On the correctness of a branch displacement algorithm

The branch displacement problem is a well-known problem in assembler design. It revolves around the feature, present in several processor families, of having different instructions, of different sizes, for jumps of different displacements. The problem, which is provably NP-hard, is then to select the instructions such that one ends up with the smallest possible program. During our research with the CerCo project on formally verifying a C compiler, we have implemented and proven correct an algorithm for this problem. In this paper, we discuss the problem, possible solutions, our specific solutions and the proofs.

💡 Research Summary

The paper tackles the classic branch displacement problem that arises in assembler design when a processor offers multiple jump instructions of different lengths (short, near, long) each covering a specific displacement range. Selecting the appropriate instruction for every branch so that the final binary is as small as possible is known to be NP‑hard, because the actual displacement of a branch depends on the size of the instructions that precede it, and the size of an instruction in turn depends on the displacement it must cover.

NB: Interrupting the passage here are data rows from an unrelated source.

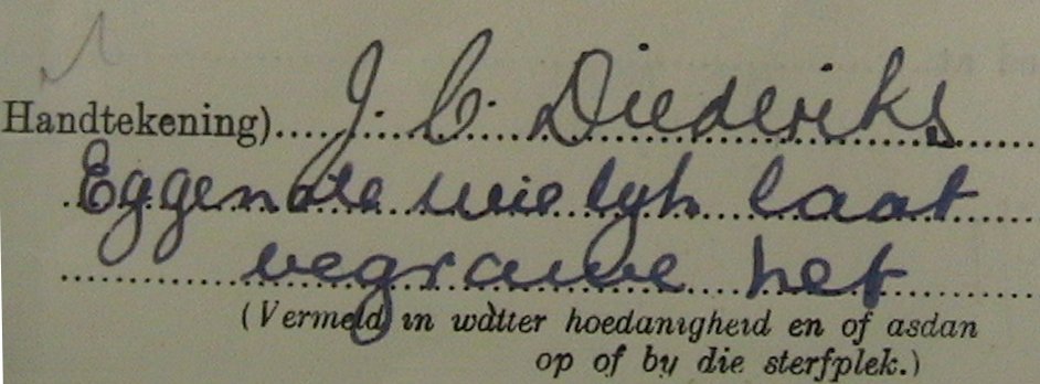 (PN) DIEDERIKS (NN) was born >1883 in Suid-Afrika. She died >1902 in Suid-Afrika. (PN) married Christiaan Petrus Adolf (Christian) DIEDERICKS on >1900 in Suid-Afrika. |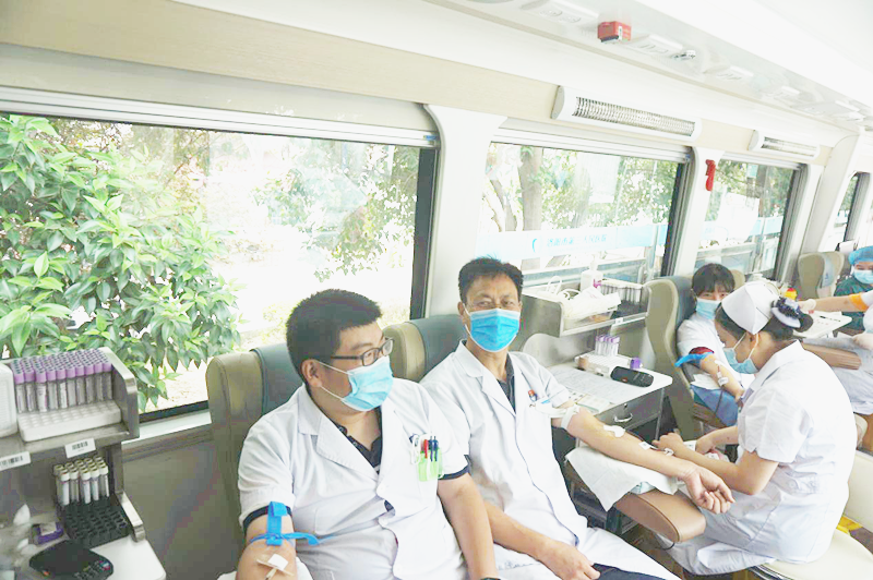 第九党支部书记、肾内科主任毛永炎,消化内科主治医师白瑞锋。白瑞锋在第一次采血不畅的情况下,坚持在另一手臂进行了采血。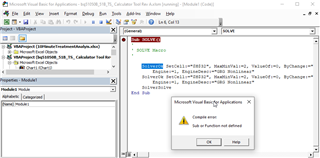 I am attempting to use the provided NTC spreadsheet and visual basic package for the BQ51050B (SLUS629) to calculate resistor values, but VBA fails to compile as is.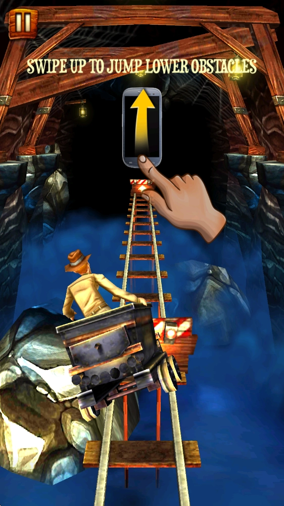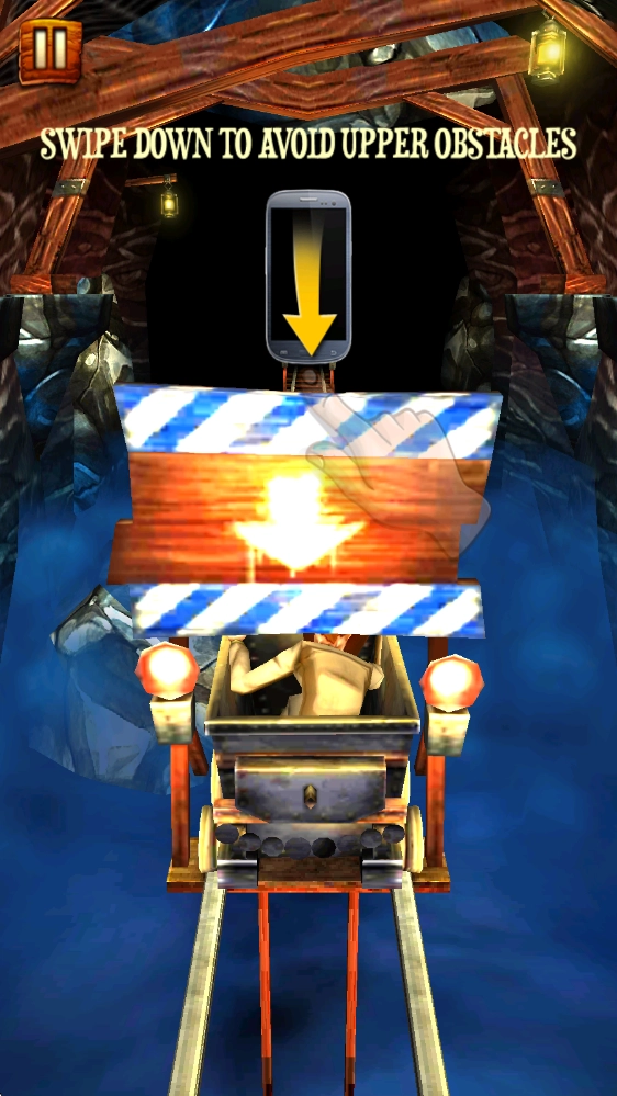 开始游戏后,上划即可控制矿车跳跃,躲避障碍。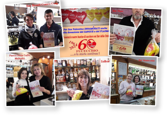 In occasione di San Valentino, festa degli innamorati, nei bar e nelle pasticcerie di Fucecchio sarà possibile trovare le simpatiche bustine di zucchero a forma di cuore offerte dal Gruppo Fratres.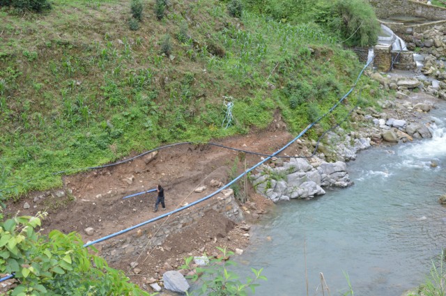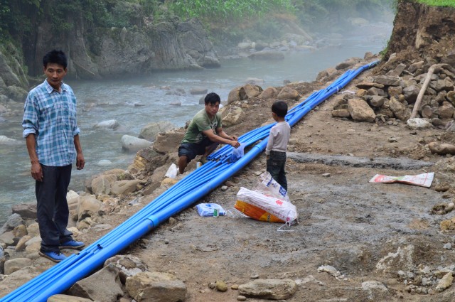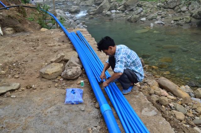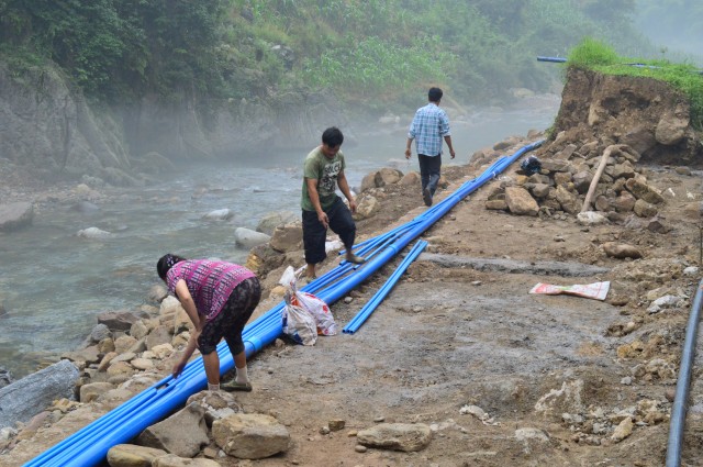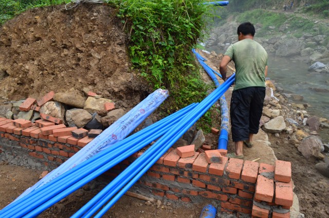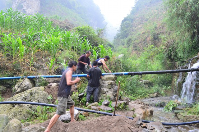 挖蓄水池基础,铺、架、埋管 群众、投劳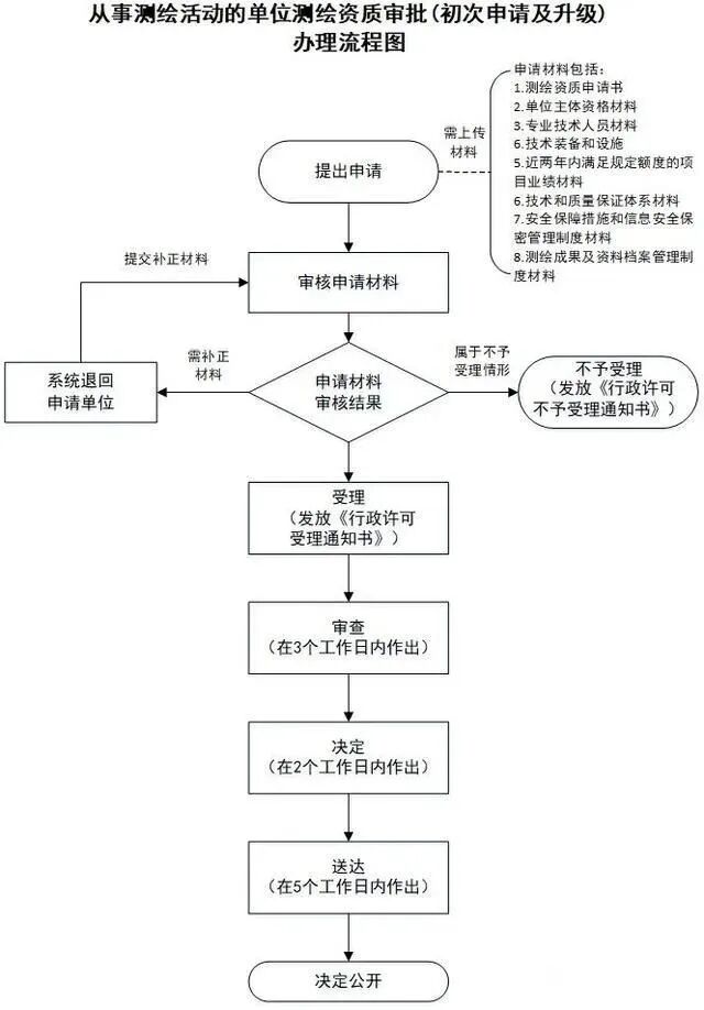 一般来说测绘资质审批的流程大同小异,梳理了一下流程大概如下: & H8 u7 e) A* Z1 Q* @' H

Consequently, the problem forms a global, non‑linear optimization task that cannot be solved exactly by simple greedy heuristics in the general case.

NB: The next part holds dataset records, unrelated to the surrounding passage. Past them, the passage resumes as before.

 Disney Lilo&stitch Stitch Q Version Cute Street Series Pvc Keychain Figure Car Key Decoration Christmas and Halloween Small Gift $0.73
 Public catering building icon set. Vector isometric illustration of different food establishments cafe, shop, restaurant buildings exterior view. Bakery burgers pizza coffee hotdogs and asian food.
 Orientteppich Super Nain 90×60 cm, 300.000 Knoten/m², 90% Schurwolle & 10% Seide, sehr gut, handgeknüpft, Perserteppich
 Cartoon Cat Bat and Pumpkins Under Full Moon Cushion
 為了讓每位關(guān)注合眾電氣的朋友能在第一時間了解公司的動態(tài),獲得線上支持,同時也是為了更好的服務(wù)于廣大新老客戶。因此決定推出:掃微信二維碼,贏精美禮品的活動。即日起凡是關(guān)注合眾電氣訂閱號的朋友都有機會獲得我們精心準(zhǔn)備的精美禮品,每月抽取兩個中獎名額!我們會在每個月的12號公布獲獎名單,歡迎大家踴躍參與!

Within the CerCo project, whose goal is to produce a fully formally verified C compiler, the authors designed, implemented, and mechanically proved correct a branch‑displacement algorithm. The algorithm follows an iterative fixed‑point approach: it begins by assuming every conditional or unconditional branch uses the longest possible encoding (the “long jump”). In each iteration it computes the actual displacement of every branch under the current layout, and if a branch’s displacement falls inside the range of a shorter encoding it replaces the instruction with the shorter form (short or near). Because a replacement shortens the code, the displacements of later branches may change, so the whole program is rescanned. The process repeats until no instruction changes any more.

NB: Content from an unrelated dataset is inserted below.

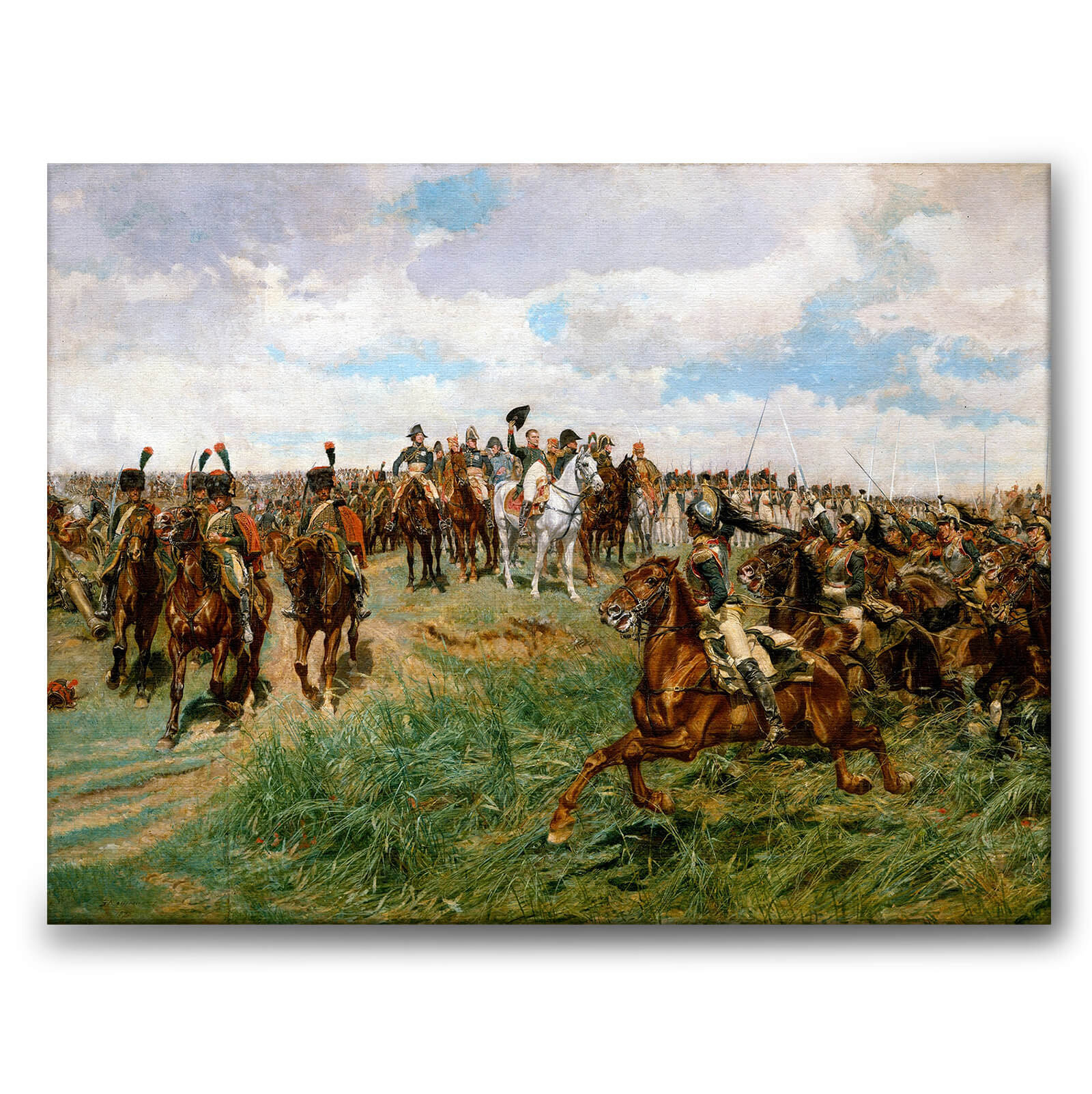 Canvas print of the 1807 painting, Friedland, created by Ernest Meissonier - a French painter. For Meissonier, detailed historical accuracy became a passion, as we see in this painting depicting one of Napoleon Bonaparte's greatest victories.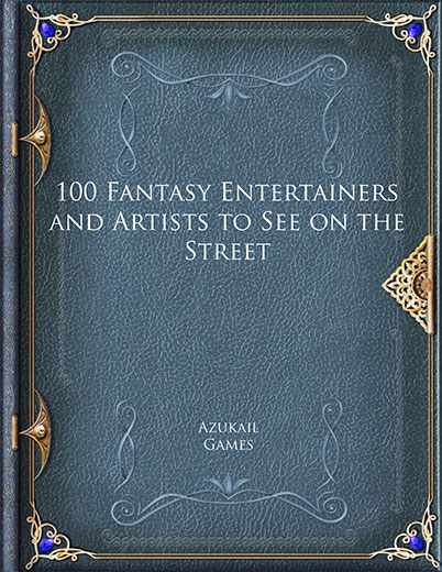Characters may encounter entertainers and artists on the streets of a fantasy city, or in other places such as carnivals and taverns. 100 Fantasy Entertainers and Artists to See on the Street has 100 such to encounter, to add flavour or as potential adventure hooks.

The key theoretical properties are: (1) Termination – each iteration can only reduce the total byte count or leave it unchanged, and there are finitely many possible byte counts, so the loop must stop after a bounded number of steps; (2) Safety – at termination every branch’s chosen encoding is compatible with its actual displacement, which is proved by maintaining an invariant that the displacement of each branch always lies within the interval prescribed by its current encoding; (3) Optimality – the final fixed point is shown to be a globally minimal‑size program. The optimality proof relies on a “no further shrink” lemma: if a branch cannot be replaced by any shorter encoding without violating its displacement range, then no other sequence of replacements can lead to a smaller overall binary. The authors formalize the displacement intervals, the transition rules between encodings, and the effect of a replacement on neighboring branches in the Coq proof assistant. They also handle “boundary effects” where shrinking one instruction may push another branch out of its current interval, triggering further replacements; the Coq development shows that such cascades still respect the monotonic decrease invariant.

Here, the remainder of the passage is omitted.